Oh wow, Bethany. I didn't see where she states why she wouldn't buy your soap. Is it just not 'natural' enough for her? Interesting. I do believe a lot of our illnesses are caused by all the 'stuff' we are exposed to. But you will never be able to identify or eliminate all of it. Maybe if you went off to some island to live but even then who knows. So we do the best we can.

I am going to make a special soap because so many people say it has helped them (I'm just trying to wrap my brain around 'why' it works). But in the meantime, while it's curing, we will try the OCM.


----------



## kidsngarden (Oct 28, 2007)

Yea, I've got too many opinions or something  I just had to end it because I wasn't going to do this round and round song and dance thing. I'm sure I could take and orange and find proof somewhere that it kills ya' somehow!

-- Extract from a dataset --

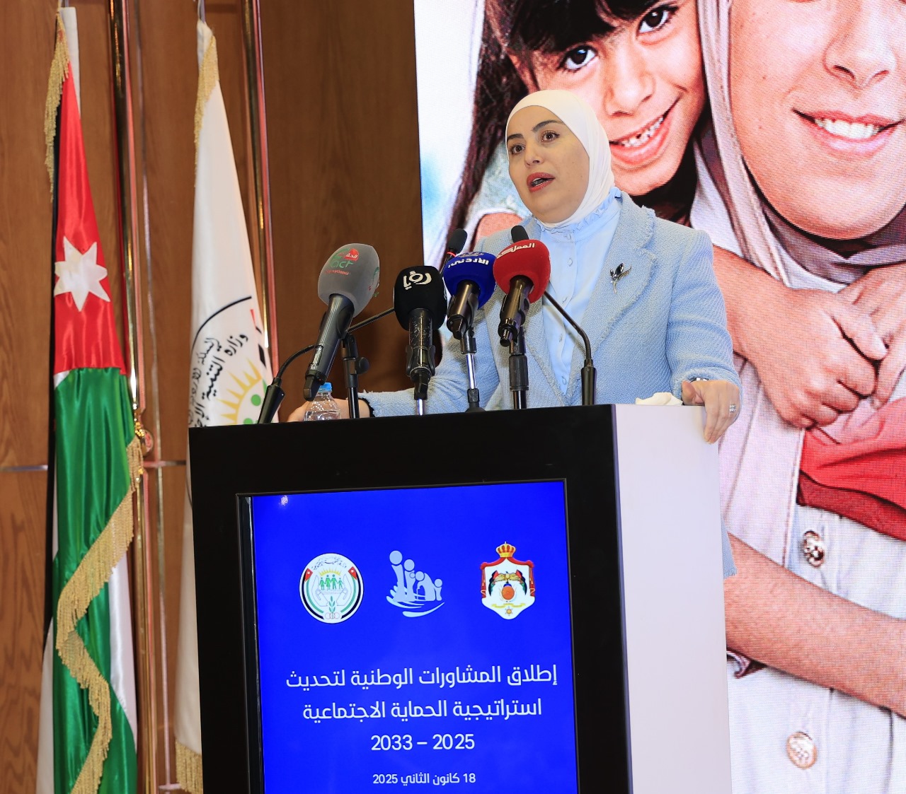 وأشارت إلى أن الحكومة ملتزمة باطلاق الاستراتيجية المحدثة للأعوام 2025-2033 خلال الربع الثاني من هذا العام، وهو ما أعلن عنه رئيس الوزراء في البيان الوزاري الذي تقدم به أمام مجلس النواب بهدف توسيع نطاقها، وفق أفضل الممارسات والمعايير، وتعزيز برامج التمكين الاقتصادي، وزيادة كفاءة المساعدات الاجتماعية، كما تتضمن الاستراتيجية التنسيق بين الجهات الحكومية والتطوعية والقطاع الخاص المعني ومؤسسات المجتمع المدني، وتوسيع نطاق الشمول والاستهداف، وتحسين جودة الخدمات.كما تحدثت بني مصطفى عن أن إطلاق المشاورات يأتي استكمالا للجهود السابقة، والتي ركزت على ثلاثة محاور رئيسية "تمكين، وكرامة" وفرصة" بالإضافة لمحور رابع تم إضافته وهو "الاستجابة للأزمات والصدمات، وذلك بالمشاركة والتعاون مع وزارات ومؤسسات حكومية وقطاع خاص ومؤسسات مجتمع مدني وشركاء دوليين وخبراء في مجال الحماية الاجتماعية." وأوضحت أن الاستراتيجية الوطنية المحدثة تهدف الى التكامل مع مسارات التحديث الوطنية الثلاثة (الاقتصادي، والسياسي والإداري)، وتعزيز الشمولية والتكاملية ورفع كفاءة نظام الحماية الاجتماعية، وبناء أنظمة حماية اجتماعية استباقية مرنة قادرة على الاستجابة للصدمات (محور صمود)، وتطوير مسارات تمكينية تقلل من نسب المعتمدين على المساعدات الاجتماعية، وادخال التكنولوجيا والرقمنة وادوات الذكاء الاصطناعي في بنية مبادرات وبرامج الحماية الاجتماعية، وتعزيز الاستدامة المالية والمؤسسية من خلال اشراك القطاع الخاص ومؤسسات المجتمع المدني بشكل ممنهج ومنسق، وزيادة الوعي والمشاركة المجتمعية في مبادرات وبرامج الاستراتيجية من خلال خطة اتصال وتواصل إبداعية، وتحسين قابلية التنفيذ وتعزيز المساءلة من خلال خطة عمل وإطار زمني يرافقها ميزانية وإطار واضح للمتابعة والتقييم.

And I'm not offended she wouldn't buy my soap. One of the points of me getting into it with here is that there are lots of people who DO find my soap great. More that do than don't that's for sure. People can be middle of the road. I think she is saying that too, but also kinda' saying that middle of the road just isn't good enough as far as she is concerned.

I do want to make an acne bar with neem oil. I have some and just haven't gotten around to it! I want to add patch to cover the scent, but I won't sell it cause patch is THROUGH THE ROOF and I'm hoarding what I have!!!

Bethany


----------